++++ RECORDS TO PROCESS ++++
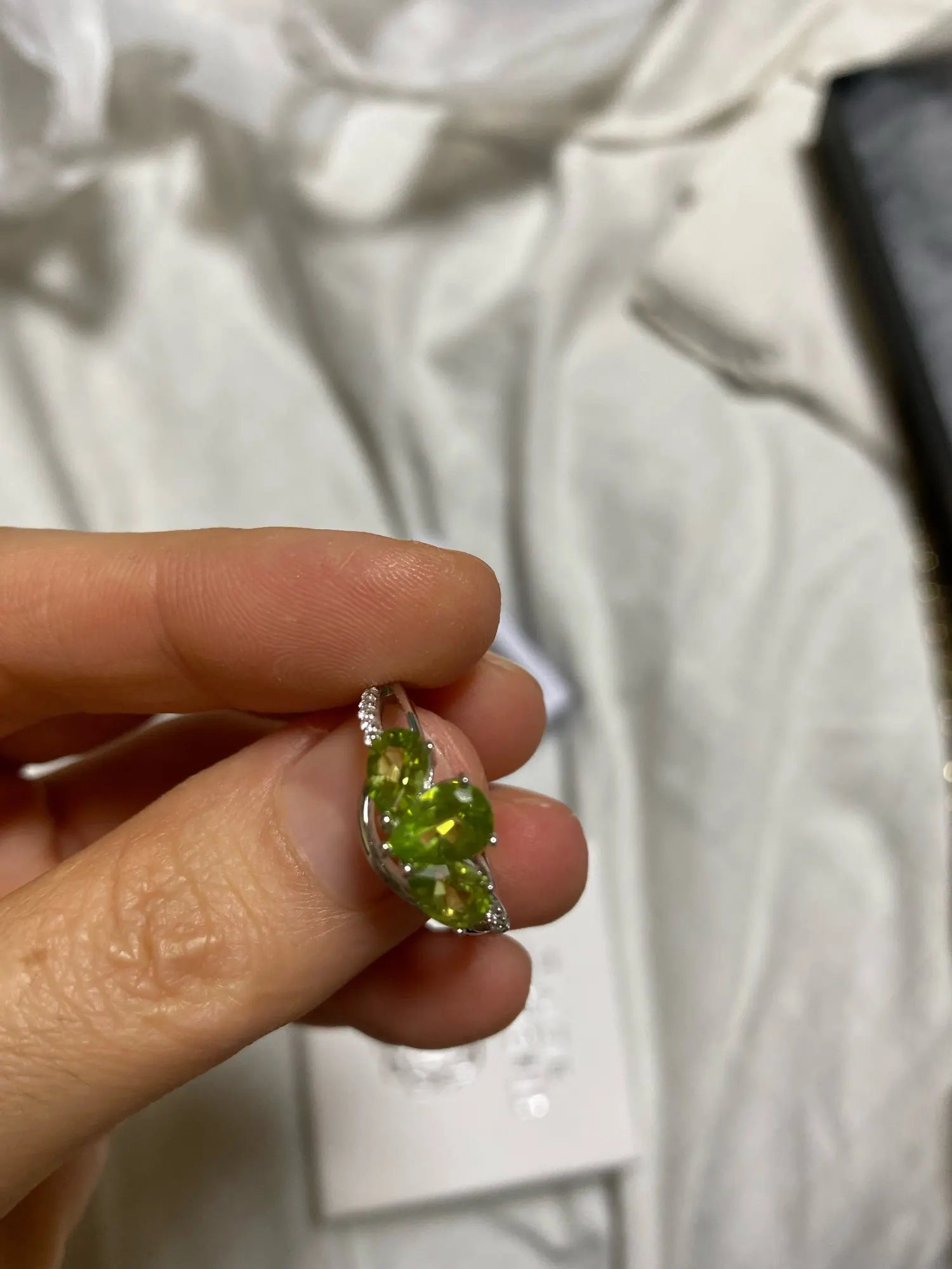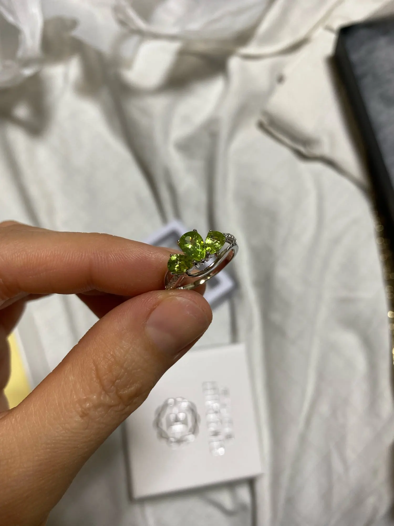 Женское кольцо из серебра пробы, с натуральным зеленым перидотом
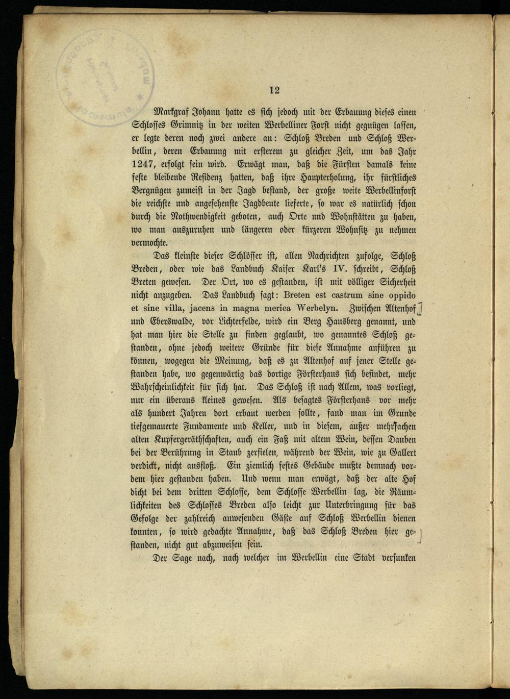 Die Askanier-Burg Werbellin : ein Beitrag zur Geschichte der Mark ; Auf der anlassung seiner Königlichen Hochzeit des Prinzen Karl von Preussen / von F. Brunold
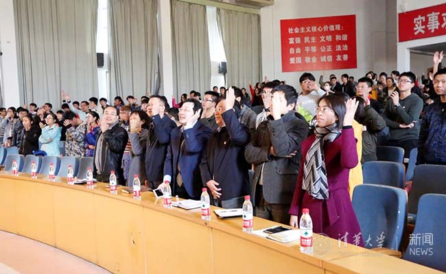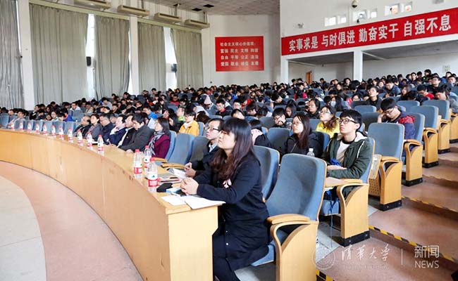 清华马克思主义学院博士生李璎珞和金哲对党的十九大报告进行深刻解读。北京石油化工学院组织部、研究生工作部、学生工作部,化工学院党委负责人,以及各院系400多名教职工党员、学生党员和积极分子参加了报告会。现场气氛十分热烈。
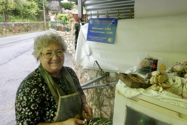They’re aren’t too many places to stop along the way, and an enterprising woman has set up a little stall selling drinks and home made biscuits.
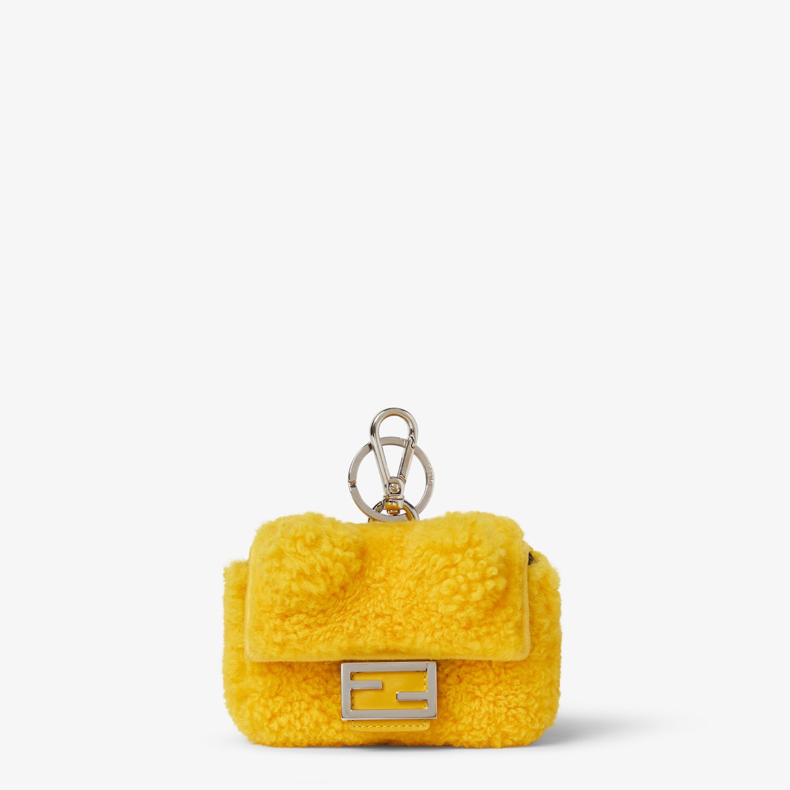 Nano version of the iconic Baguette bag, with flap and FF clasp with magnetic closure. The snap hook allows it to be attached to larger bags or belts. Lined in tone-on-tone leather. Made in yellow curly shearling with two soft “teddy ears” that decorate the flap. Palladium-finish metalware.
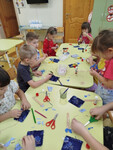 Выполнение снежинок из бумаги. Каждый ребенок создал свою уникальную снежинку, украшая ею стены группы.
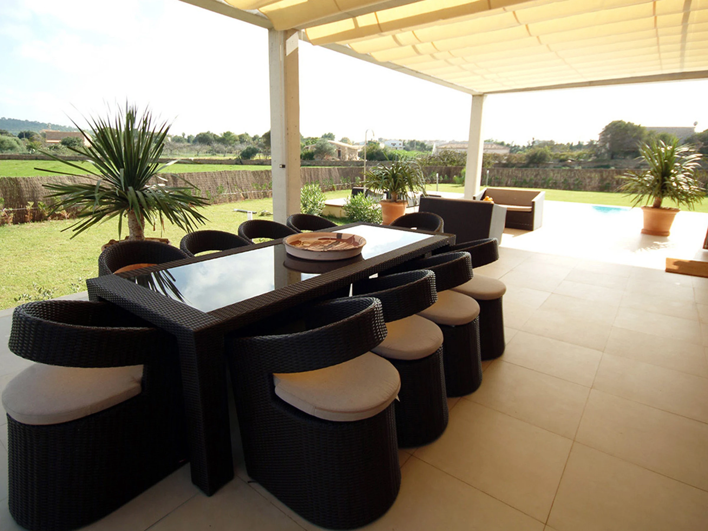 Die überdachte Terrasse ist ein fabelhafter Platz mit Rohr Sofas und Stühlen um einen langen Tisch im Schatten einer Markise. Die Gärten sind sehr einladend für Familien und der Poolbereich ist sehr privat mit Blick über Felder und Bäume auf den Berg von La Victoria.
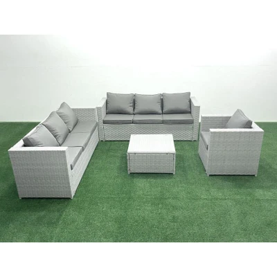 Wicker pe Rattan Sofa Garden Furniture Set with Armchair Square Coffee Table Light Grey Mixed Fimous
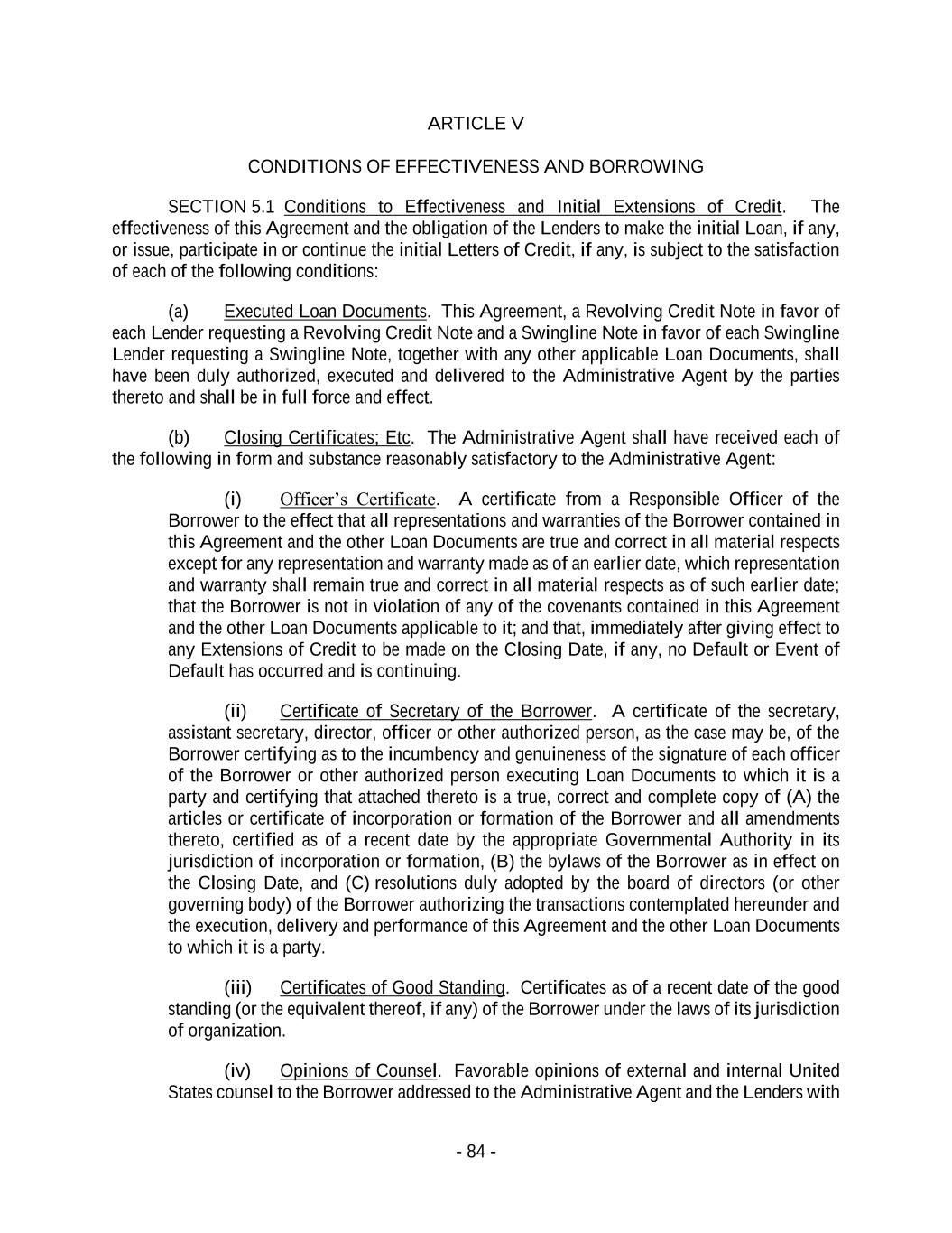 - 84 - ARTICLE V CONDITIONS OF EFFECTIVENESS AND BORROWING SECTION 5.1 Conditions to Effectiveness and Initial Extensions of Credit. The effectiveness of this Agreement and the obligation of the Lenders to make the initial Loan, if any, or issue, participate in or continue the initial Letters of Credit, if any, is subject to the satisfaction of each of the following conditions: (a) Executed Loan Documents. This Agreement, a Revolving Credit Note in favor of each Lender requesting a Revolving Credit Note and a Swingline Note in favor of each Swingline Lender requesting a Swingline Note, together with any other applicable Loan Documents, shall have been duly authorized, executed and delivered to the Administrative Agent by the parties thereto and shall be in full force and effect. (b) Closing Certificates; Etc. The Administrative Agent shall have received each of the following in form and substance reasonably satisfactory to the Administrative Agent: (i) Officer’s Certificate. A certificate from a Responsible Officer of the Borrower to the effect that all representations and warranties of the Borrower contained in this Agreement and the other Loan Documents are true and correct in all material respects except for any representation and warranty made as of an earlier date, which representation and warranty shall remain true and correct in all material respects as of such earlier date; that the Borrower is not in violation of any of the covenants contained in this Agreement and the other Loan Documents applicable to it; and that, immediately after giving effect to any Extensions of Credit to be made on the Closing Date, if any, no Default or Event of Default has occurred and is continuing. (ii) Certificate of Secretary of the Borrower. A certificate of the secretary, assistant secretary, director, officer or other authorized person, as the case may be, of the Borrower certifying as to the incumbency and genuineness of the signature of each officer of the Borrower or other authorized person executing Loan Documents to which it is a party and certifying that attached thereto is a true, correct and complete copy of (A) the articles or certificate of incorporation or formation of the Borrower and all amendments thereto, certified as of a recent date by the appropriate Governmental Authority in its jurisdiction of incorporation or formation, (B) the bylaws of the Borrower as in effect on the Closing Date, and (C) resolutions duly adopted by the board of directors (or other governing body) of the Borrower authorizing the transactions contemplated hereunder and the execution, delivery and performance of this Agreement and the other Loan Documents to which it is a party. (iii) Certificates of Good Standing. Certificates as of a recent date of the good standing (or the equivalent thereof, if any) of the Borrower under the laws of its jurisdiction of organization. (iv) Opinions of Counsel. Favorable opinions of external and internal United States counsel to the Borrower addressed to the Administrative Agent and the Lenders with
++++
◆ **WHAT THIS TASK INVOLVES**
Set down exactly the lines from the start of the records through the line containing "Wicker pe Rattan", both included, and omit the pictures.

◆ **ANSWER TO THIS PROBLEM**
 Женское кольцо из серебра пробы, с натуральным зеленым перидотом
 Die Askanier-Burg Werbellin : ein Beitrag zur Geschichte der Mark ; Auf der anlassung seiner Königlichen Hochzeit des Prinzen Karl von Preussen / von F. Brunold
 清华马克思主义学院博士生李璎珞和金哲对党的十九大报告进行深刻解读。北京石油化工学院组织部、研究生工作部、学生工作部,化工学院党委负责人,以及各院系400多名教职工党员、学生党员和积极分子参加了报告会。现场气氛十分热烈。
They’re aren’t too many places to stop along the way, and an enterprising woman has set up a little stall selling drinks and home made biscuits.
 Nano version of the iconic Baguette bag, with flap and FF clasp with magnetic closure. The snap hook allows it to be attached to larger bags or belts. Lined in tone-on-tone leather. Made in yellow curly shearling with two soft “teddy ears” that decorate the flap. Palladium-finish metalware.
 Выполнение снежинок из бумаги. Каждый ребенок создал свою уникальную снежинку, украшая ею стены группы.
 Die überdachte Terrasse ist ein fabelhafter Platz mit Rohr Sofas und Stühlen um einen langen Tisch im Schatten einer Markise. Die Gärten sind sehr einladend für Familien und der Poolbereich ist sehr privat mit Blick über Felder und Bäume auf den Berg von La Victoria.
 Wicker pe Rattan Sofa Garden Furniture Set with Armchair Square Coffee Table Light Grey Mixed Fimous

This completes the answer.